For each service, I have two VMs clustered- one in a Colo, and one Local. I have one user that I'm using on the web service for that particular cluster. I have an SPN setup for HTTP that contains the name of each machine and the user. I access the machine through the clustername, and it goes to one server or another.
So for later reference, we have machine A, machine B (in the colo), cluster AB spanning the machines, and user C. I connect to the test endpoint, and everything is fine.
I replicate that- let's say Machine X, machine Y (in the colo), cluster XY, and user Z. I connect to the test endpoint and everything is fine.
So I have a client, that connects to cluster AB, that then connects to cluster XY to use its service.
I irregularly get 401s. When it connects, it's fine... on the second hop, I can see that it's the client, and have it's credentials. But sometimes... it just fails for no reason. I look in the logs, and there's a 401 there. This never happens when I connect direct to the machines.
Our network guy said he thinks it's an interaction of VMware VMs with Hypervisor VMs... but I had to call BS on that. There's no rhyme nor reason in the machines that it's connecting to creating a pattern (I added a key to pass through the machines so I can see the exact path it's taking, and there's just no pattern).

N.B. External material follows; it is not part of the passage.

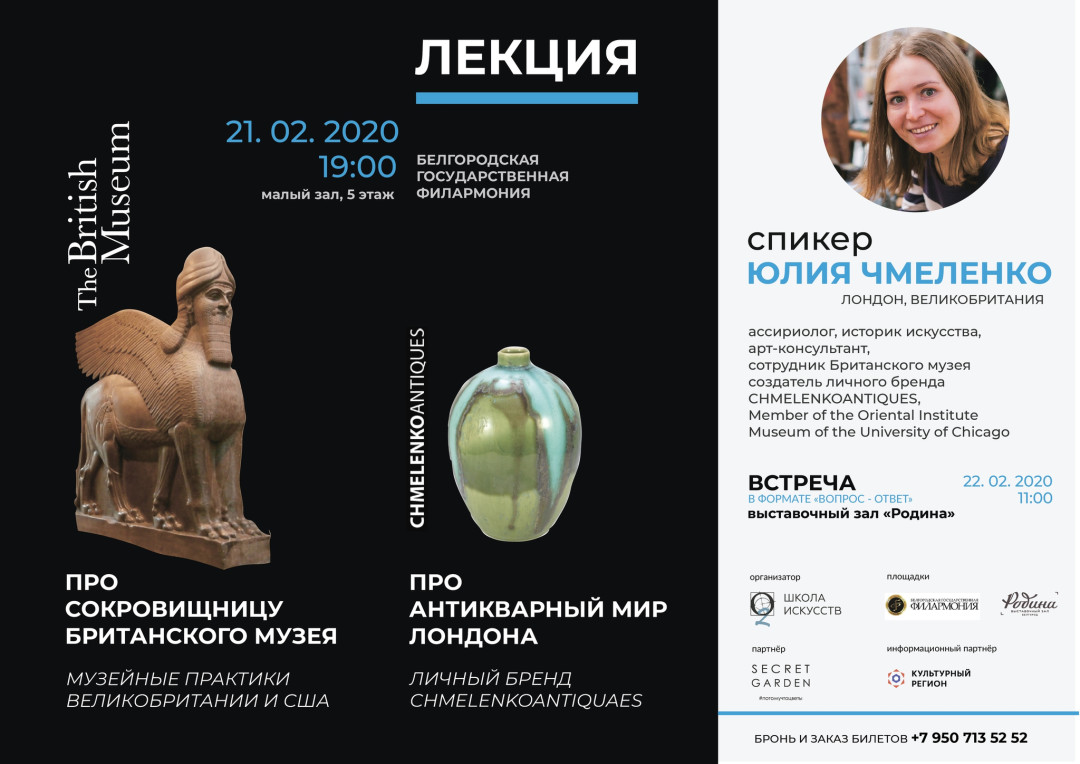 В конце февраля в Белгород с лекцией приедет Юлия Чмеленко – ассириолог, aрт-менеджер, историк искусств, сотрудница Британского музея и создательница личного бренда chmelenkoantiquaes. Темы ее выступления – сокровищница Британского музея и антикварный мир Лондона.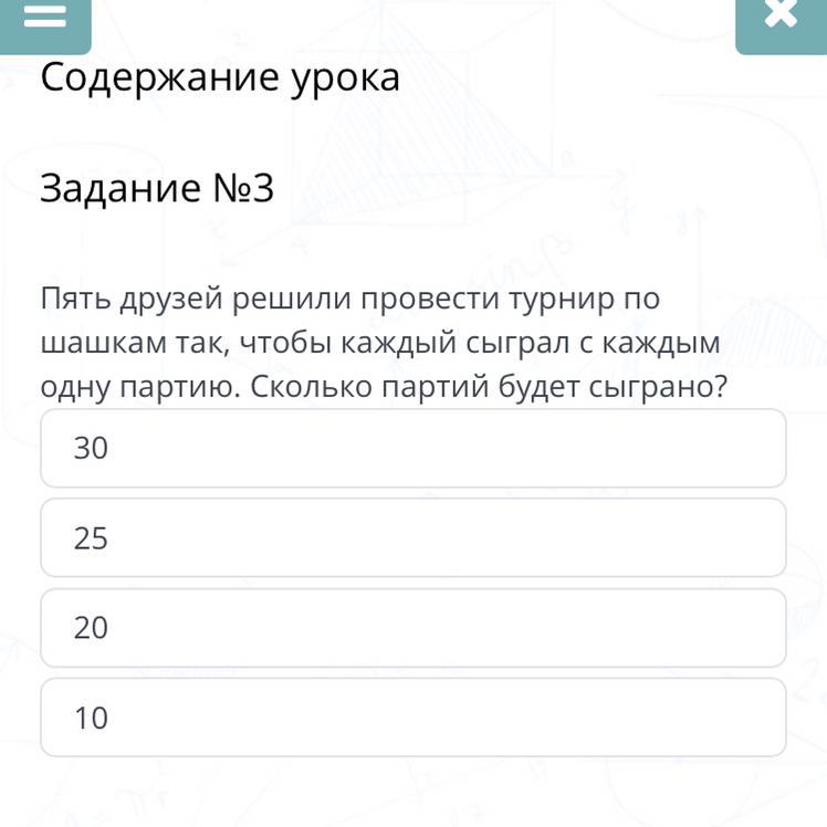 Пять друзей решили провести турнир по шашкам так, чтобы каждый сыграл с каждым одну партию. Сколько партий будет сыграно?

I think it's passing the kerberos ticket through the NLB... but he said that it just passes it along, so it's only passing what it's sent. The other part of this is we made another endpoint just to test authorization, because it seems like if we're getting a 401, then we always get a 401, but if that first hop works, it will work from then on (we have affinity set, so the path stays the same through multiple calls), but that started failing today. The other dev got a 201... then when he called the real endpoint, got a 401. (All of this is on the second hop- the first hop always works)
I know more about Kerberos than I wanted to know now after looking at this for a couple of months. And I think we finally have the code right. But the netops says that there is no way that NLB is causing this issue.
Have you ever seen NLB cause issues with kerberos tickets?